According to Red Door, it could have these people in place within one month at a cost of approximately €200,000. If Red Door is provided with that funding it can address the issues immediately. I ask the Minister of State, Deputy Finian McGrath, to pass on the message to the Minister of State, Deputy Catherine Byrne, that we want action on the part of her Department. The Minister of State, Deputy Catherine Byrne, has committed in the past to examining this problem. There is no point in committing to examining a problem when the situation is exploding in our faces. There is no point in the Minister of State, Deputy Finian McGrath, coming here to deliver a response which does not provide us with something tangible to work with. What am I to tell my community? Am I to tell them that the Minister of State, Deputy Catherine Byrne, was not present for the debate and that the reply delivered by the Minister of State, Deputy Finian McGrath, did not reference any additional money to deal with the biggest problem in this country and, in particular, in this community which suffers most? As a Member who has backed up all the decisions of this Government, I am angry that this community is being neglected in this area.

 

According to the Garda Chief Superintendent we are going to lose an entire generation of young people in this country due to drugs and drug abuse. He did not make that statement lightly. The Garda Chief Superintendent looked me in the face as he made those remarks. I now look to the Minister of State, Deputy Finian McGrath, and ask what does this Government propose to do about this situation? People are entitled to an answer and young people are entitled to a future, which they are not getting in the current situation. The community in Moneymore, which is a fantastic community, has produced a report in regard to a community facility. I will provide the Minister of State, Deputy Catherine Byrne, with a copy of that report, which I ask be brought to the attention of the Secretary General of her Department and taken on board. What does the Department propose to do? Its lack of action is unacceptable and the lack of funding is unacceptable. Families are crying out for help. I was told by one woman that two of her family members had to leave the country for fear of being shot if seen anywhere in the land. This is the extent of the problem. The Government must wake up and deal with this issue now. 

 

Deputy Finian McGrath: I understand Deputy O'Dowd's frustration in regard to this particular issue. The Minister of State, Deputy Catherine Byrne, wishes to assure him that Government is committed to tackling the problem through all the mechanisms available. As Minister of State with responsibility for the drugs strategy, Deputy Catherine Byrne, intends to continue to work with all the relevant stakeholders across the statutory community and voluntary sector to achieve better outcomes to the problems of drug and alcohol users.  

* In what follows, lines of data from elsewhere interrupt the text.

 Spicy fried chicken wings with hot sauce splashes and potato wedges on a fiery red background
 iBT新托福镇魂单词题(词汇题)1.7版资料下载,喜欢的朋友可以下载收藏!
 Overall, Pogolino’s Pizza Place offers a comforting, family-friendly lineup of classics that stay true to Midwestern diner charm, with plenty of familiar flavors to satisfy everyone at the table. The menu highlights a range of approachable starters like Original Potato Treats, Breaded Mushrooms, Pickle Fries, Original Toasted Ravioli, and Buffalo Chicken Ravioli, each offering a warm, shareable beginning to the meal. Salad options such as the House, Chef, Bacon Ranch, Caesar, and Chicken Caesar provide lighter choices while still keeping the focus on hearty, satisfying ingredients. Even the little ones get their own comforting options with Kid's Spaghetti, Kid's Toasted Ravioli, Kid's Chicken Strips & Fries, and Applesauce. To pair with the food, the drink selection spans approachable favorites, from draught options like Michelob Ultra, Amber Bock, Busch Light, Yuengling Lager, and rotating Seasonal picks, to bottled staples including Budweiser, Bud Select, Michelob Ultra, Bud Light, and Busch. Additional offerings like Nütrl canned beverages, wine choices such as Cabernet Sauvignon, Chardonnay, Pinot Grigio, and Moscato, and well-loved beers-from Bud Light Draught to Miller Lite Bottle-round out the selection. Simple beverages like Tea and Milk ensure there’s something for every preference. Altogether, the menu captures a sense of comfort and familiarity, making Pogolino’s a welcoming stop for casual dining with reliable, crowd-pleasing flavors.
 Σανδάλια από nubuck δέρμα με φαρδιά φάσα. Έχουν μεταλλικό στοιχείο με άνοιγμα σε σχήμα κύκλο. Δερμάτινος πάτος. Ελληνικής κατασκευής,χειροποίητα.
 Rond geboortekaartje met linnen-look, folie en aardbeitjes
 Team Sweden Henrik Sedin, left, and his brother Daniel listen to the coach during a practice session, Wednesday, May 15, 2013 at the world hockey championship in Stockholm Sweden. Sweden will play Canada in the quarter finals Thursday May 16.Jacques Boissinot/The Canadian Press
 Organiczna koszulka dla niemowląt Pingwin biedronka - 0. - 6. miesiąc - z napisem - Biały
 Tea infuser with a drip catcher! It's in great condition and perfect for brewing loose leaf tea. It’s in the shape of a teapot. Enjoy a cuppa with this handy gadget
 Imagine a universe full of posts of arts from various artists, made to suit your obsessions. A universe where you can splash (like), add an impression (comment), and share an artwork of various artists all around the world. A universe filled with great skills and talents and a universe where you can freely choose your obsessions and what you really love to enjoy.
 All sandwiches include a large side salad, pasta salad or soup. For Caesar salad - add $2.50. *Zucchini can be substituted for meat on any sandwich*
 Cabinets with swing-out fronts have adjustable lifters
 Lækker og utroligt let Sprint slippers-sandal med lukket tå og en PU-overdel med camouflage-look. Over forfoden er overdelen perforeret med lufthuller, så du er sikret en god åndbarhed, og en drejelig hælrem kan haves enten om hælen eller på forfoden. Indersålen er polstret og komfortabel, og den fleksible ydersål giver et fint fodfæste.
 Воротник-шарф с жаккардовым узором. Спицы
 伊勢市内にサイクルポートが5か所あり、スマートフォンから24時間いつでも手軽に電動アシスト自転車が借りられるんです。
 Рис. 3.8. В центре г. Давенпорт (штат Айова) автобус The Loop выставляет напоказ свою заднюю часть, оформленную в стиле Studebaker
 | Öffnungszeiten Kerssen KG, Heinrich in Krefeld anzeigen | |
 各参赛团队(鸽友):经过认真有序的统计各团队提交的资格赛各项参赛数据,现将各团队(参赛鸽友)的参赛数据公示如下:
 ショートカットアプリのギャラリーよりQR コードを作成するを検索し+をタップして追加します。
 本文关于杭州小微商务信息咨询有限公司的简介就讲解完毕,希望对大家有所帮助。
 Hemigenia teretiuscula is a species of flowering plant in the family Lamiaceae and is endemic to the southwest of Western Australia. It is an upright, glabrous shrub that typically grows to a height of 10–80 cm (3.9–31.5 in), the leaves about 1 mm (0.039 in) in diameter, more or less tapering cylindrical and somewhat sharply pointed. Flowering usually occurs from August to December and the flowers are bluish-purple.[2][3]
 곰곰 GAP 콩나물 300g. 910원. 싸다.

On a practical level, the HSE has appointed a senior counsellor to counselling services in Drogheda. It has also given a commitment today to recruit an additional outreach worker in Drogheda and to assist people in addiction in accessing the community based addiction support service at the Red Door and elsewhere in the HSE. The north-east taskforce will be able to apply for additional funding under this initiative. I understand the anger and frustration of Deputy O'Dowd in regard to the widespread intimidation and people having to leave the country. I know from my experience on the northside of Dublin that gang warfare and feuding destroys communities. I agree that action is needed. I will bring Deputy O'Dowd's concerns to the attention of the Minister of State, Deputy Byrne. Hopefully, there will be action taken over the next couple of weeks.